By Bjarne Graven Larsen: For decades during the great moderation, the 60/40 portfolio was the institutional investor’s Swiss army knife. Equities grew wealth; bonds benefitted from the secular deline in rates and cushioned the blows. The two assets moved in opposite directions when it mattered most. Investors slept soundly.

That sleep has become more restless.

When the Safety Net Frays

Since approximately 2021, the reliable negative correlation between equities and government bonds has been eroding. In the 2022 rate hiking cycle it disappeared entirely; bonds and equities fell in unison, delivering a simultaneous blow to traditionally balanced portfolios. The two-legged stool wobbled. The question every institutional investor now faces is simple: where do you find the third leg?

Chart 1: Rolling 12 month equity-bond correlation, 2000–2026

The Liquidity Trap

Many investors responded to the correlation problem by increasing allocations to private markets, including private equity, private credit, infrastructure. These can offer genuine return opportunities. But they come at a cost that is easy to overlook in calm conditions and impossible to ignore in turbulent ones: illiquidity.

During the COVID selloff of March 2020 and again during the Liberation Day tariff shock of early 2025, investors who needed to rebalance or reduce risk found themselves holding illiquid assets they simply could not sell. Simultaneously, the distributions from illiquid holdings slowed down significantly. Liquidity is like oxygen, you don’t notice it until it isn’t there.

This is the case for liquid, market-neutral alternative risk premia (ARP) strategies. An ARP strategy that is genuinely uncorrelated to equities and bonds and redeemable monthly offers something rare: diversification that actually works when you need it most[1].

Systematic Investing: Fundamentals, Without the Flaws

The word “systematic” can conjure images of black boxes. In reality, it is simply the disciplined, rules-based implementation of fundamental investment ideas: rigorously tested, academically validated, and robust across market regimes.

The intellectual foundations are well-established. Fama and French documented the Value and Size effects. Jegadeesh and Titman demonstrated that Momentum persists. Novy-Marx identified the power of Profitability. These are structural features of markets, underpinned by behavioural explanations that have survived decades of scrutiny. But in recent decades it has become increasingly clear that you need continuous improvements and innovation on how to harvest such premia as well as efficient trading to be successful.

The argument for harvesting these premia systematically rather than discretionarily is straightforward: humans are flawed. We extrapolate trends, anchor to recent experience, and become overconfident in bull markets. A systematic process removes those biases. It executes the same disciplined logic in February 2020 as it does in February 2021, regardless of what the headlines say.

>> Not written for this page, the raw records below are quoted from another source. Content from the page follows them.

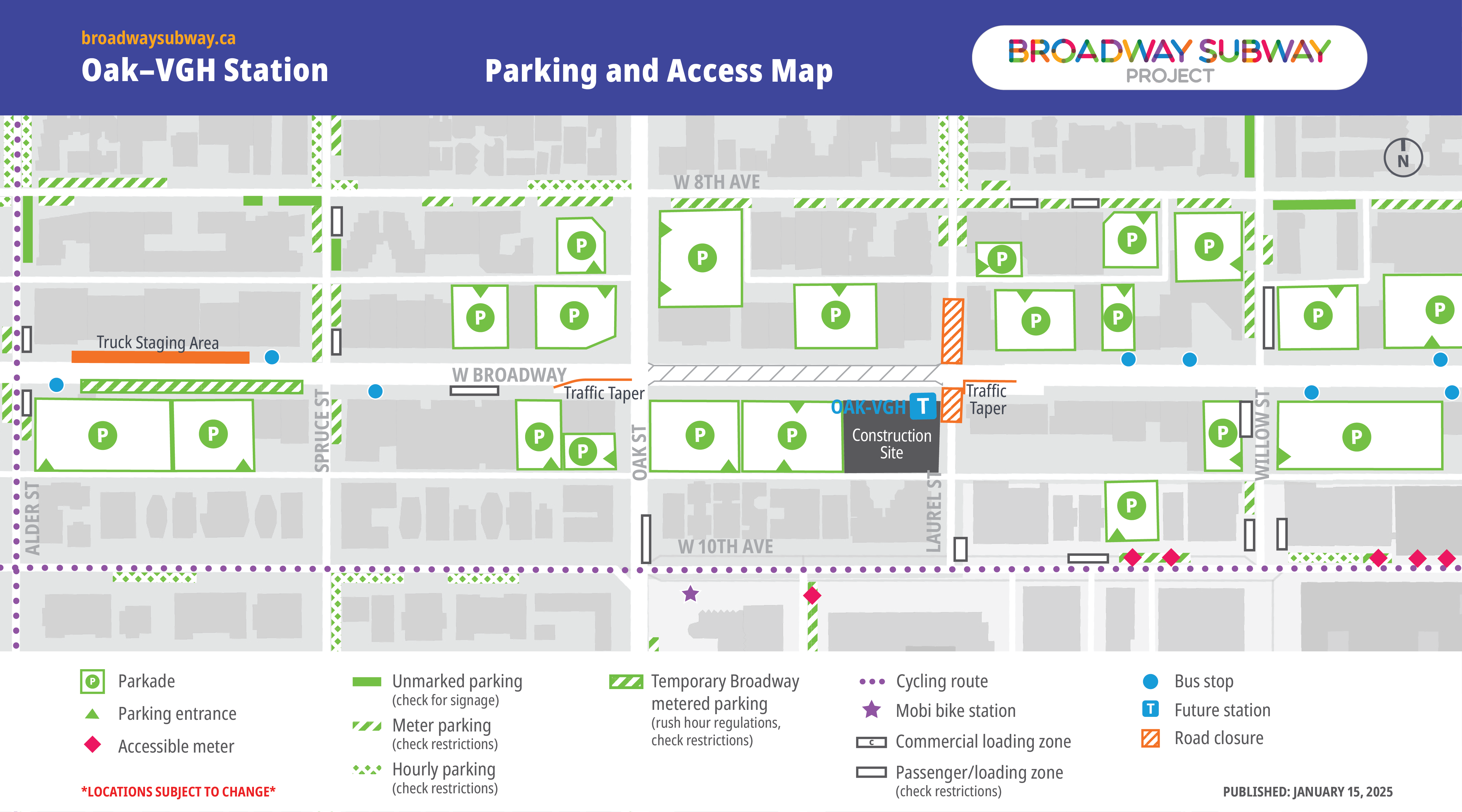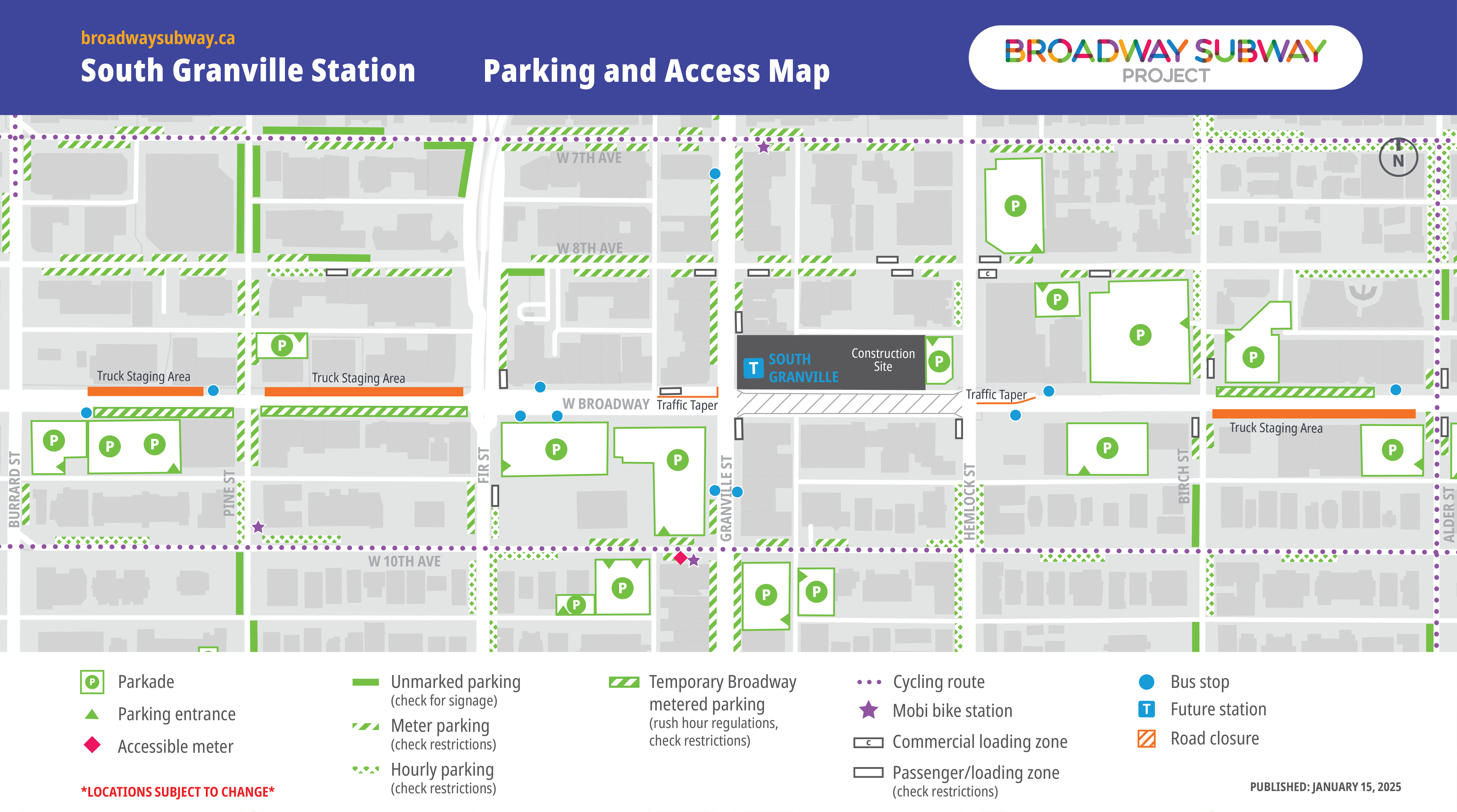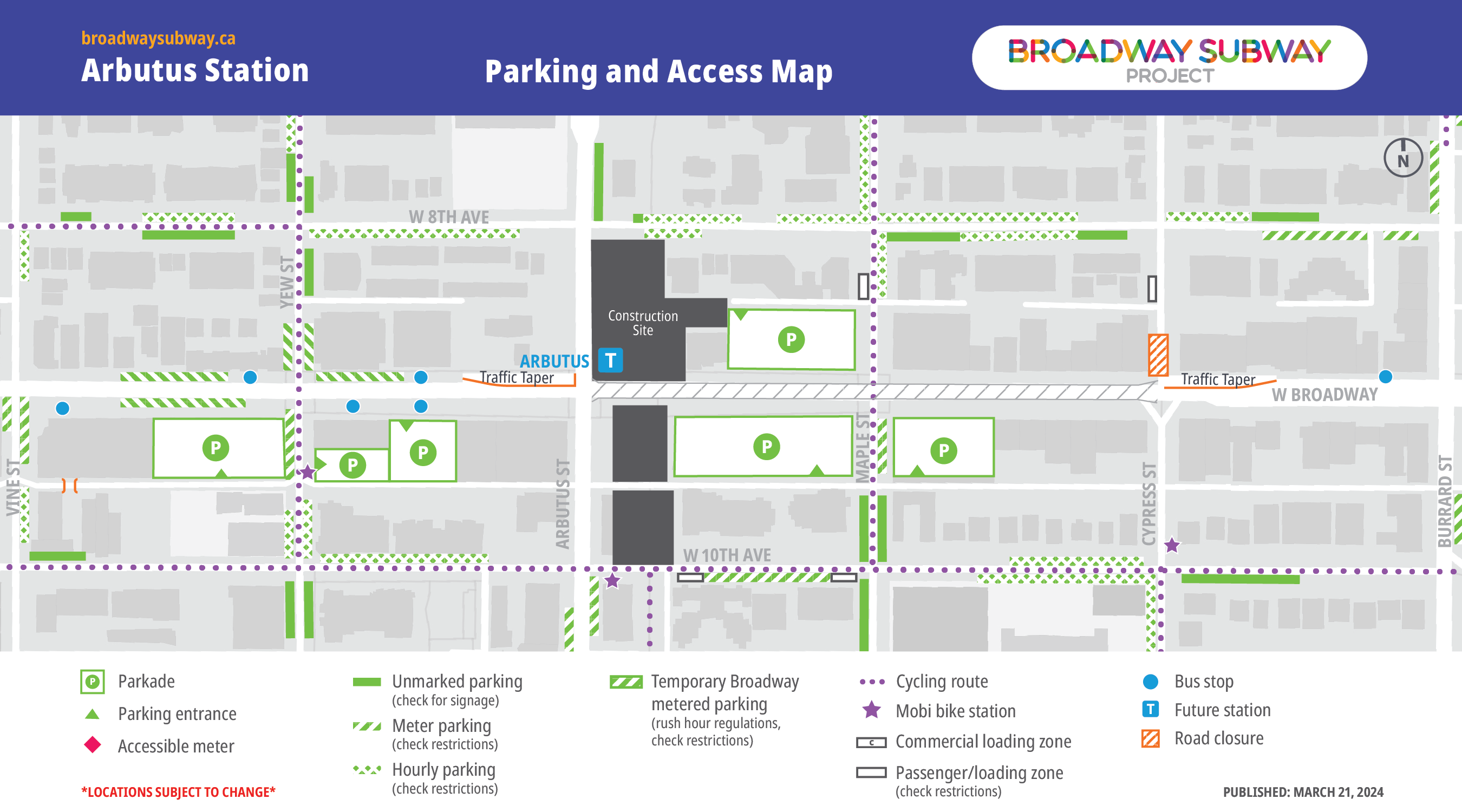 In collaboration with key partners, the Broadway Subway Project has developed alternative parking and access maps for the station areas along the Broadway corridor. Listed locations, including bus stops, are subject to change. Transit users are encouraged to check TransLink’s Trip Planner for updated locations of bus stops.
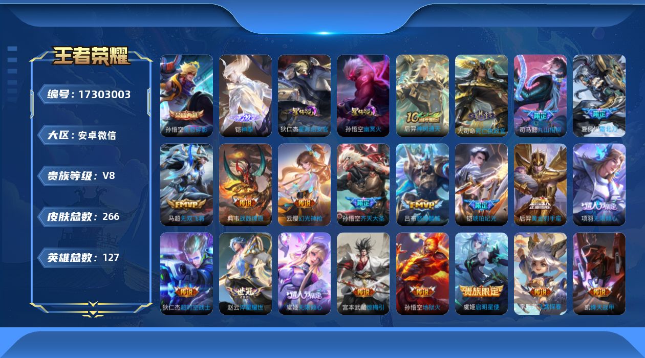[17303003]安卓WX-V8-最强王者段位-127英雄-266皮肤-1典藏皮肤-1无双-20传说-78史诗
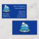 Caricatura azul sorridente com bolhas de sabão. Cor de fundo personalizada. Texto personalizado.
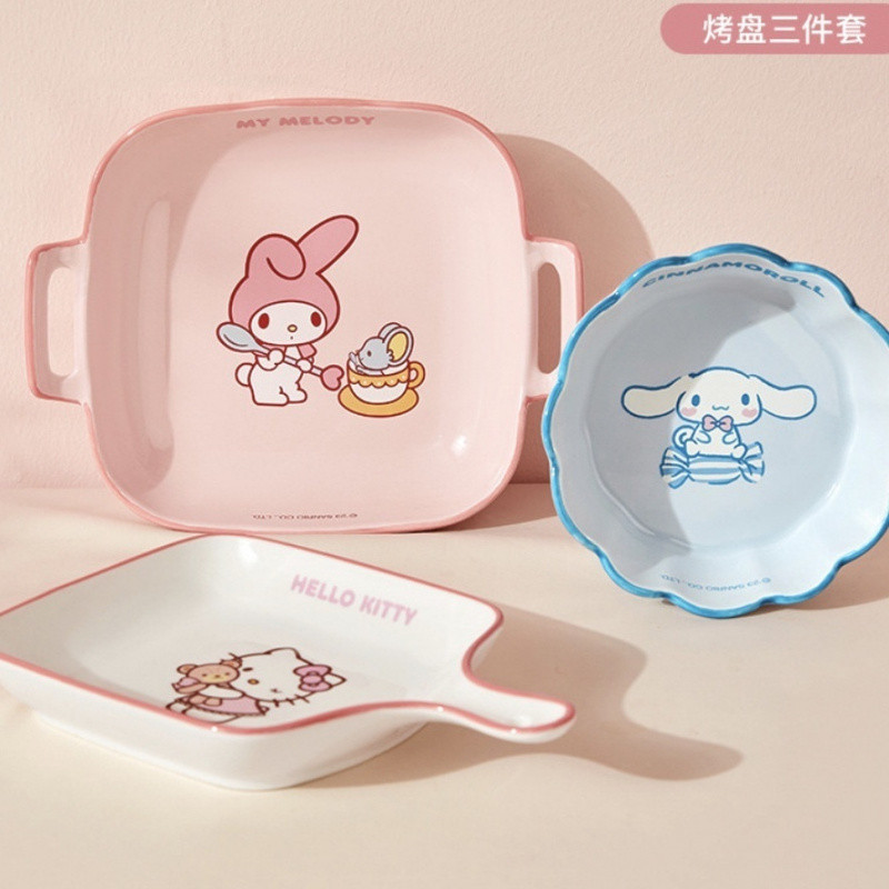 三丽鸥陶瓷双耳烤盘空气炸锅专用焗饭碗微波炉烤箱水果沙拉碗餐具
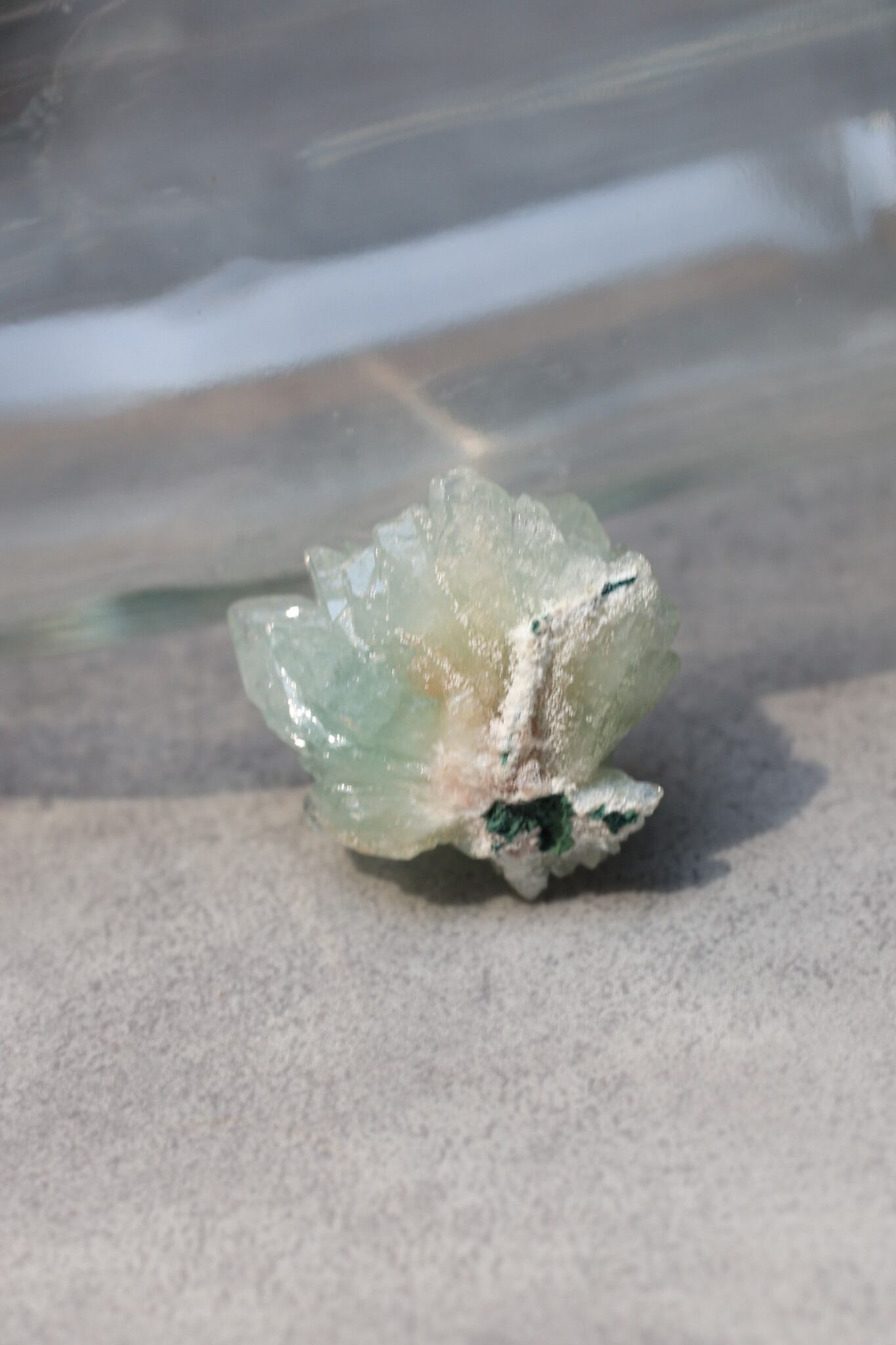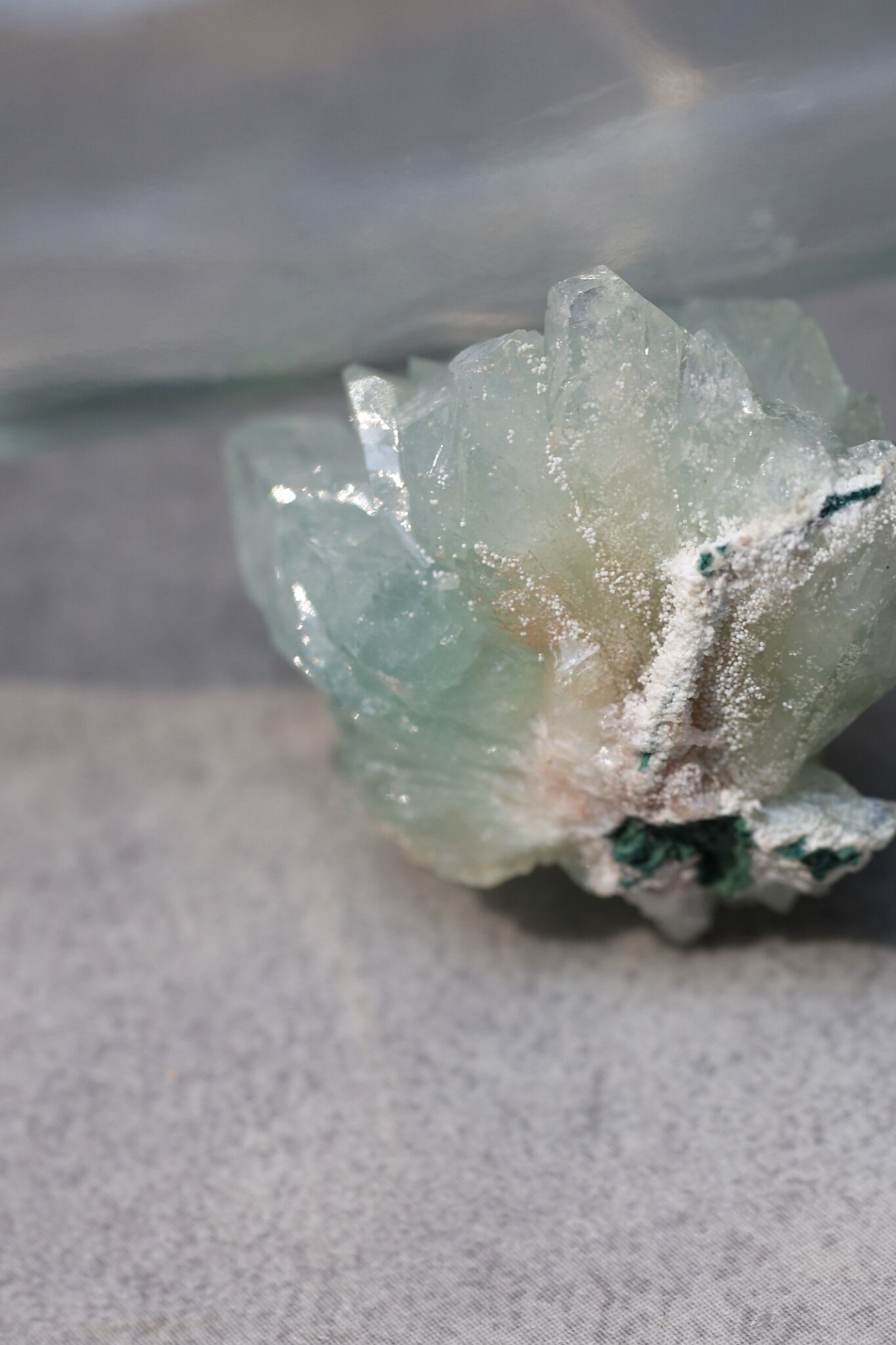 シャープで透明感のある結晶と、淡く柔らかな緑──
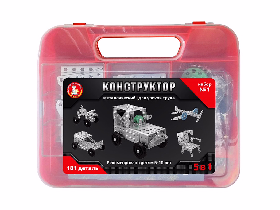 Металлический конструктор для уроков труда 5 в 1 "№2" в пластиковом чемоданчике может также стать основой для творческих проектов на основе деталей конструктора и использоваться для уроков труда в школе.
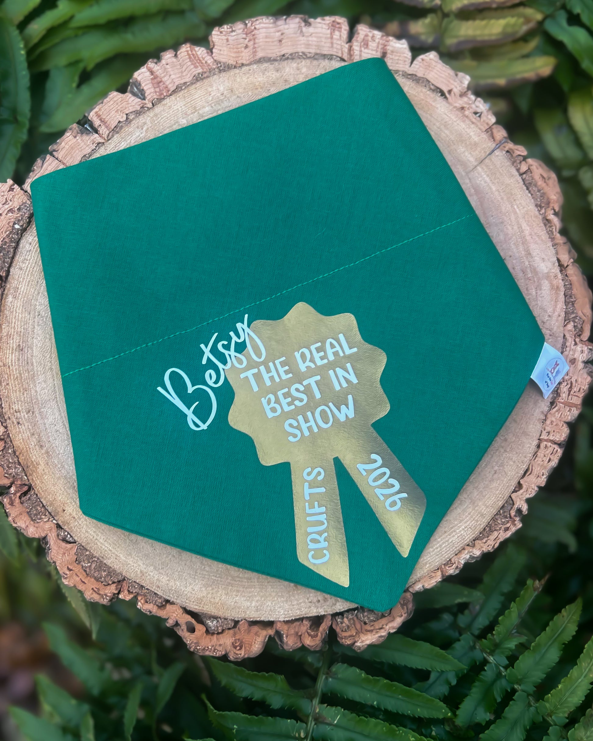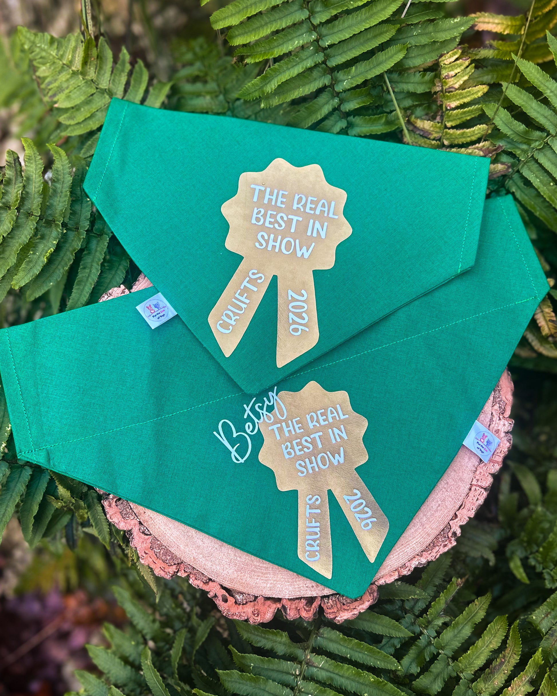 Our Crufts “The Real Best In Show” bandanas sell out every year at the event and for the first time we are releasing these in advance of Crufts so you can order your own personalised ones.
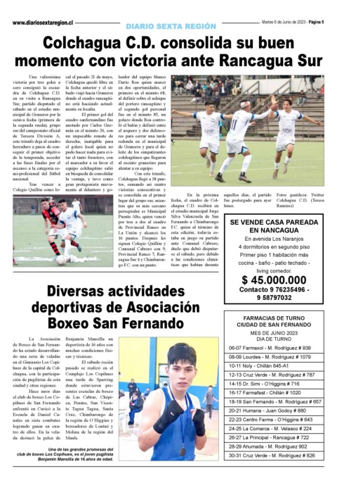 nales en siete combates la región de O´Higgins y 22-23 Centro Farma - O’Higgins # 643
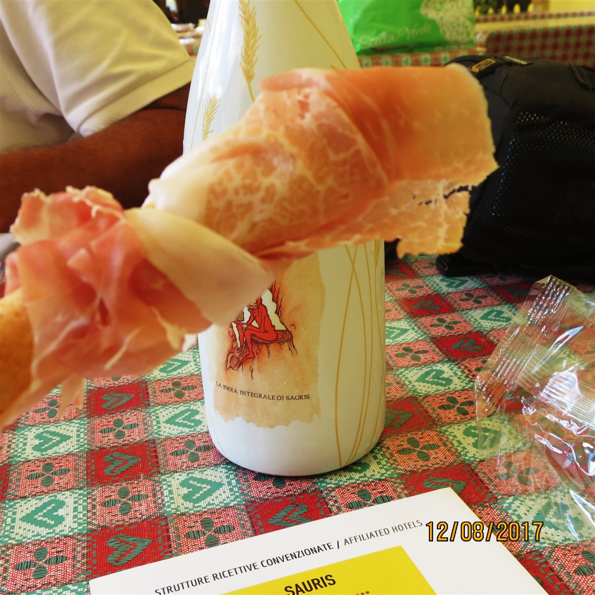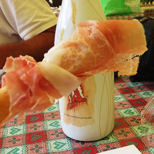 È stupefacente mettersi alla ricerca di una cosa e strada facendo rendersi conto che forse era destino non trovarla perché il tuo interesse è stato più attratto da altre meraviglie. Cercavo infatti la fava di Sauris e così un sabato ho deciso di fare un giretto da quelle parti; imbocco la stretta stradina di montagna non molto idonea ad un impacciata guidatrice come me, tornanti, gallerie di pietra che sembra ti portino dentro le viscere della terra, sto sulle spine tutto il viaggio, intravedo il lago, mi si apre un po’ il cuore e alla fine eccomi 3 metri sotto il cielo. Sono a Sauris di Sotto, poche casette di legno milioni di gerani fioriti ai davanzali, una chiesa che svetta in cima al paese, pascoli rigogliosi mucche e tanto verde, tanta pace e un gatto che somiglia al mio Goku anche come carattere, bonaccione, avvicina ogni turista, scambia opinioni con ognuna delle tante statue di legno che ogni casa sfoggia. Eh si, è un mosaico di pupazzi di legno a cielo aperto, sembra quasi che ti chiamino, ti indichino da che parte di bosco provengono, di chi sono le mani che li han scolpiti, il paese delle favole. Le fave son passate in secondo piano, non ho potuto fare a meno di mangiare dell’ottimo prosciutto. Mi piace il Prosciutto di Sauris perché ha un leggero ricordo di fumo, come il ben più celebre speck, accompagno con un’eccellente birra artigianale integrale prodotta proprio in questi luoghi, ho comprato allo spaccio anche qualche pezzetto di formaggio di malga, un perfetto aperitivo consumato assieme agli altri turisti nelle panche messe a disposizione… e festa sia! Non potevo però rinunciare ad un tris di primi piatti tipici della zona, gnocchi di pane, cjarsons alle erbe, pasticcio di zucchine e salsiccia di Sauris. Quindi cercavo la fava e ho trovato prosciutti e affettati, birra, formaggi e primi piatti di ottima qualità… torno a casa con i miei acquisti e ne nascerà una ricetta che ho già in mente. La missione “fava” è fallita? No! Rimandata, perché mi è venuta una gran voglia di ritornare qui, magari qualche giorno di più per scoprire altre cose (ad esempio so che producono una trota affumicata veramente eccellente), per fare una bella camminata e dormire in questa piccola ma immensa oasi di pace.
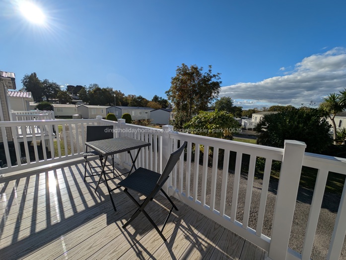 Outside, enjoy a veranda with decking, complete with table and chairs, plus a separate patio area and private parking for two cars right next to the caravan.

Institutions like ATP, Denmark’s largest pension fund, understood this after the global financial crisis and rebuilt their investment approach around systematic, factor-based frameworks. This is not a new idea. It is a recipe that has been tested in real life.

The Transparency Advantage

There is an underappreciated argument for systematic strategies: transparency. Most discretionary managers will not tell you exactly what they own, why they own it, or what the portfolio’s true risk exposures are. A well-designed systematic strategy can and should do the opposite. When markets are stressed and your board is asking difficult questions, that transparency is not just reassuring. It is fiduciary.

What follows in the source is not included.